Configuration Management tools failover behaviour

Question

I'm currently trying to sell "DevOps" to my management one of the things I'm investigating is Configuration Management tooling. One of the big things for us is that we have a system that has high availability and a good failover behavior.

For CF-Engine this isn't an issue as every node can be configured to run as a server and the runs will continue if the server isn't available.
For Puppet you have a choice of Master/Masterless modes and their pro's and cons.
For Chef the initial run requires the master server to fetch the policy but after that any run will continue with that current policy if the master isn't available.
For Salt if the master server goes down then configuration is not enforced as all actions are done on the master
For Ansible (like salt) if the master server goes down then configurations are no longer enforced, as again all actions are done by the master servers

I'm not including Windows PowerShell DSC in this list as my current user case is that I would use PowerShell DSC to assist in managing Windows systems with either Puppet, Chef, Ansible, Salt or CF-Engine as the overall managing tool

I want to know if my understating is correct of each to tools and if it isn't why?

Ansible has no notion of "master server". You may run your playbooks from any computer with the Ansible binaries installed. I'd also argue that your use of the term "policy" is ambiguous. — jscott, Sep 27 '16 at 11:29
@jscott: You're right I should phrase that better I should say configuration...... I'll change it now. Am I right in thinking that the behavior is a lot like git in that respect you have no actual "Master" but a notional one or have I got it completely wrong? — Bicker x 2, Sep 27 '16 at 11:37

score 3 · Answer 1 · answered Sep 27 '16 at 11:44

I will comment only on the ones i have experience with, that means Puppet and Ansible. And I'm omitting some details.

Both can be setup to run agentless or local only if needed. To use them local only you obviously need some way to transfer the needed manifests / playbooks to the target machines and run them there.

Talking about Puppet usage with masters, you can have redundancy using a load balancer with the actual masters behind.

In Ansible instead there is no master concept, each machine that can connect to the managed machines with ssh / powershell can do, provided you have a way to access the playbooks. Maybe you meant Ansible Tower, which uses a DB for it's operation, and you can cluster it if needed.

This brings us at the real redundancy in both cases, that is the actual scripts. In nearly all cases i have seen those stay at a git repository, so it's inherently redundant, just cloning it and you can have how much "master" copies as you wish.

Hope this helps.

Thank you for that, it was very helpful (it is a shame you can't have multiple answers). I had indeed confused Ansible and Ansible Tower. Thanks — Bicker x 2, Sep 27 '16 at 12:08

score 2 · Answer 2 · answered Sep 28 '16 at 07:06

If you look at salt, the only information that makes up a working connection between master and minions are:

the fact that the minion can resolve the master ip somehow
the minions public keys in the /etc/salt/pki/master directories

If your salt master dies, the systems will keep on running with no effect.
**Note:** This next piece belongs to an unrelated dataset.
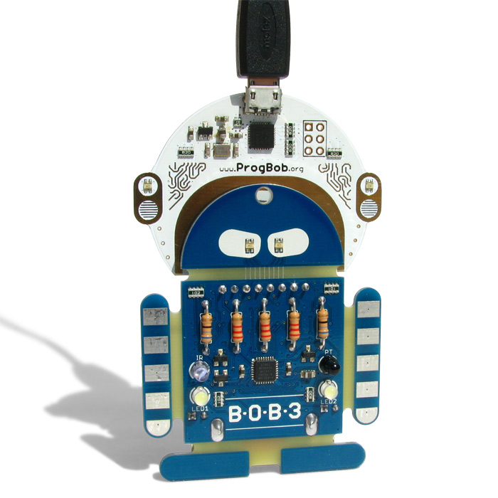 BOB3 ist ausgestattet mit Touchsensoren, LEDs, IR-Sensoren zur Distanzmessung sowie einem Temperatursensor, um Umweltbedingungen wahrzunehmen. Der Roboter kann, je nach programmierten Befehlen, seine Augen in allen Farben blinken lassen und Berührungen am Arm erkennen.
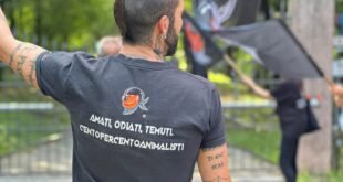 Martedì 27 maggio militanti di CENTOPERCENTOANIMALISTI hanno esposto un enorme striscione in italiano e in inglese al passaggio del Giro d’Italia in località Valsorda , in provincia di Trento. Purtroppo il ciclista Alessio Martinelli è precipitato di circa 6/8 metri proprio nella curva nei pressi della postazione dei Militanti. Dopo …

But you are right, you cannot run any changes to your configurations while the master is gone. So a question is how fast can you get it back?
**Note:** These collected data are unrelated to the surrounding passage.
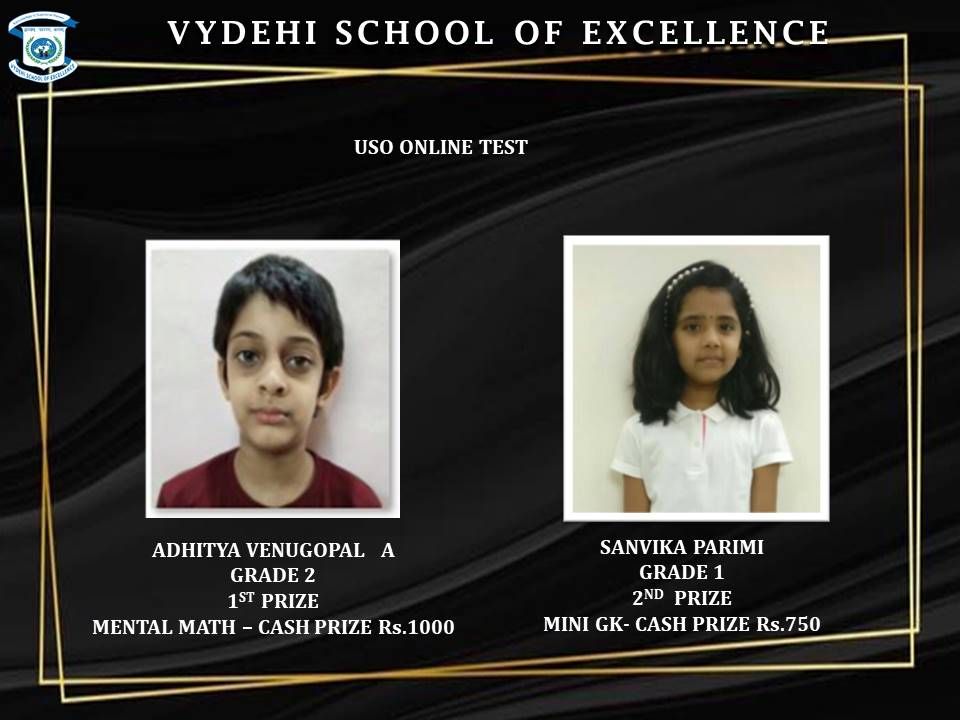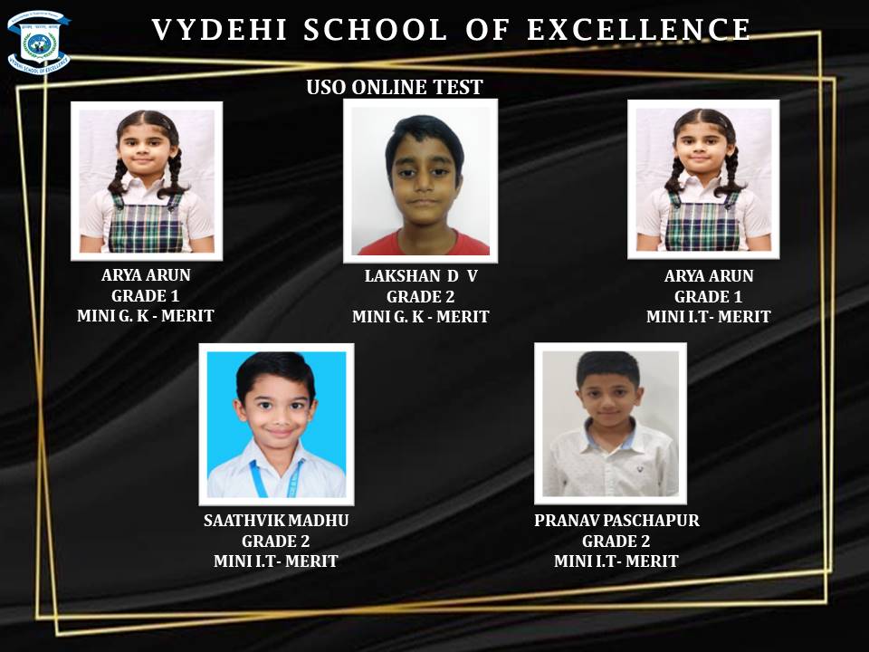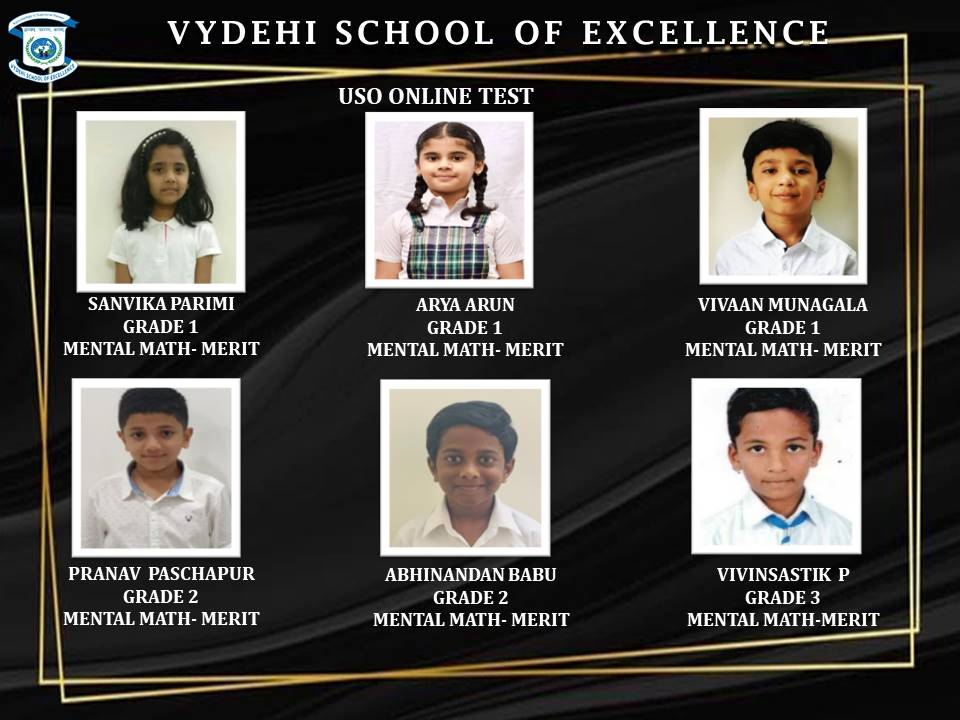 We are proud to announce that AryaArun, VivaanMunagala of Grade 1 and PranavPaschapur, AbhinandanBabu, Lakshan DV, SathvikMadhu from Grade 2, and Vivinsastik of Grade 3 participated in USO ONLINE TEST and were awarded certificates and medals.
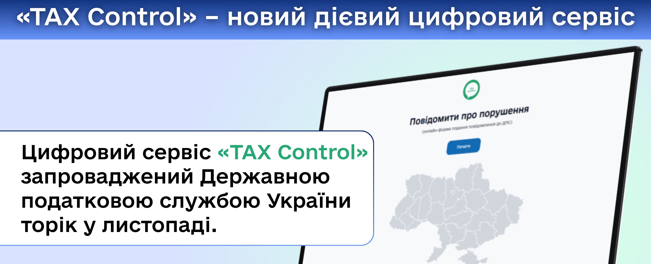 Державна податкова служба України запустила цифровий сервіс «ТAX Control» − сучасний інструмент для оперативного виявлення порушень у сфері торгівлі, послуг чи громадського харчування
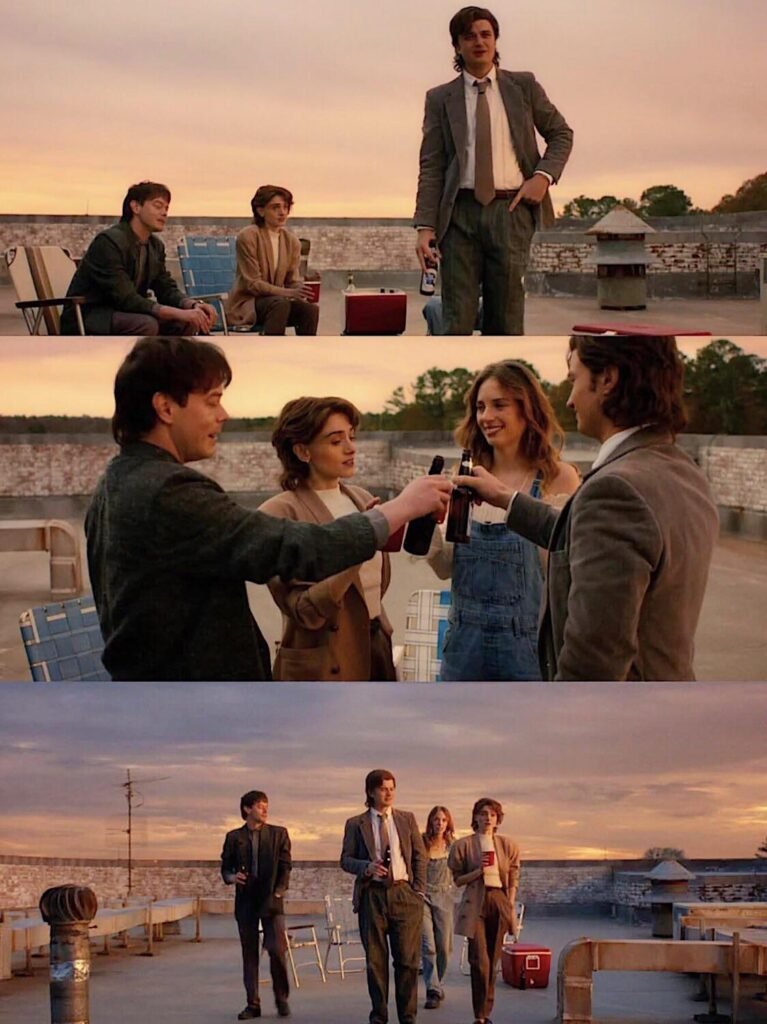 La scène avec nos babysitters préférés (Nancy, Jonathan, Steve et rockin’ Robin) m’a vraiment retourné. Ils discutent de leurs projets futurs respectifs tout en étant déjà nostalgiques de leur amitié. Ils finissent par créer une réunion mensuelle, mais je peux vous dire qu’en étant trentenaire (33 ans), ce genre de réunion ne dure guère dans le temps. Et vu comment ils sont en pleurs, eux non plus n’y croient pas vraiment. C’est l’un des moments les plus touchants de l’épisode, surtout que j’adorais le duo Robin et Steve.

You can simply reinstall the master and start it up - you can accept your minions keys again (or reinstall an potential backup) and you are at the same place where you left off with your old master. If you cannot reuse the same machine, than you would need to point the minions to the new master somehow.
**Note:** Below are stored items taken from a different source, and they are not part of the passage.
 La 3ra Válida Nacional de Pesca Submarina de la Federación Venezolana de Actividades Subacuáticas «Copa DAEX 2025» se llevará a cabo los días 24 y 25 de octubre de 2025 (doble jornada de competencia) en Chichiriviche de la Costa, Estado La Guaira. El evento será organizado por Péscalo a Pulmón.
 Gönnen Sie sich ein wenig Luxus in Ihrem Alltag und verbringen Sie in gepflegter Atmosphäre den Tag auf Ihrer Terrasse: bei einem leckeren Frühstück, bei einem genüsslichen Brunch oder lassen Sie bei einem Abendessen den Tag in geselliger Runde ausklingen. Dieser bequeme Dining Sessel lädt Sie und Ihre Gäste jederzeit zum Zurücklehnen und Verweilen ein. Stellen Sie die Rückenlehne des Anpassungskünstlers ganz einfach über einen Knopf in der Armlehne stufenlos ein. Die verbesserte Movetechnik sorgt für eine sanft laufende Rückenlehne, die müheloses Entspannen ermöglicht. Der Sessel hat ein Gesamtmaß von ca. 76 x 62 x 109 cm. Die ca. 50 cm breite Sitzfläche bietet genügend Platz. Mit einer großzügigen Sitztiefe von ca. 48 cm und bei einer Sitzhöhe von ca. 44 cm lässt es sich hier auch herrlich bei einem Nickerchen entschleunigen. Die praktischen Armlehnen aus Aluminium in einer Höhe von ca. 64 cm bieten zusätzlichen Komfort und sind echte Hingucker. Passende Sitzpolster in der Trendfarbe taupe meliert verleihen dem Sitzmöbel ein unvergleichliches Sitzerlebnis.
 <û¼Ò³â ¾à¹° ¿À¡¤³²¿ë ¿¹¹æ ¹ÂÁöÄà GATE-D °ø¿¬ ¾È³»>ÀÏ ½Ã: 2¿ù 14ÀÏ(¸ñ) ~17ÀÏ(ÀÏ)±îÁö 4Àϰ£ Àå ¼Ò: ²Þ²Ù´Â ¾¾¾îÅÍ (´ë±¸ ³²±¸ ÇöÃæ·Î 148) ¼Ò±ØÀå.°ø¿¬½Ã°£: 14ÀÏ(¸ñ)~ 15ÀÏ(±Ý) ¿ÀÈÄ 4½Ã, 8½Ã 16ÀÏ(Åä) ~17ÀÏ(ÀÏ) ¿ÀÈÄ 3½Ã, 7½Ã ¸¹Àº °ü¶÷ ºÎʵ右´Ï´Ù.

No state data in a database that might be corrupted or gone. That for me is the beauty of it. Its an overlay, it does not squeeze in. Not - as an other way example - like juju, where when your database is gone your systems act like they are beheaded and you have to reinstall.

There is also Multimaster and Syndic in Salt - High Availability is a long standing topic in its development.

Thank you for your answer it's a shame I can't mark multiple questions as correct — Bicker x 2, Oct 17 '16 at 15:18
It should also be noted that with Salt-SSH you can easily have several master servers, and/or you can use a HA setup such as pacemaker to apply policies from a different server if the primary is down, you just have to have a current copy of the master data. — Josip Rodin, Apr 10 '17 at 20:03

score 1 · Answer 3 · answered Oct 10 '16 at 07:58

To round things out with the above, Chef (if using chef-client, chef-solo is purely local and has no server component that could fail) requires the server on every run. There are ways to use the cache data in the event of an outage but its definitely not the default behavior, or even easy. We recommend you run Chef Server in a redundant/clustered system with one cluster per failure zone. Check out the chef-backend product for clustering and Facebook's Grocery Delivery for multi-server sync.

Again thank you, sadly this is one of these questions were one answer doesn't work to well — Bicker x 2, Oct 17 '16 at 15:17

score 0 · Accepted Answer · edited Apr 13 '17 at 12:14

So first, I want to thank jscott, Fredi, user378016, and coderanger for all there answers.

To answer my own question

For CF-Engine this isn't an issue as every node can be configured to run as a server and the runs will continue if the server isn't available.

This is all well documented on the CF-Engine website an example can be found here: https://cfengine.com/learn/how-cfengine-works/

For Puppet you have a choice of Master/Masterless modes and their pro's and cons.

Puppet has a variety of modes and as Fredi has indicated the mode is one or the other. However after doing more digging Puppet is very flexible and has good features that can be supported for both master and masterless mode.

For Chef the initial run requires the master server to fetch the policy but after that any run will continue with that current policy if the master isn't available.

So this wasn't quite correct, when running is server mode (not using chef-solo) a run requires a connection to the master for each run. As has been mentioned there are ways to do fall back caching that has some interesting potential and maybe worth looking into some more.

For Salt if the master server goes down then configuration is not enforced as all actions are done on the master

So thanks to user378016 for confirming, I think the answer provided does answer this quite nicely (permalink: https://serverfault.com/a/805791/225383)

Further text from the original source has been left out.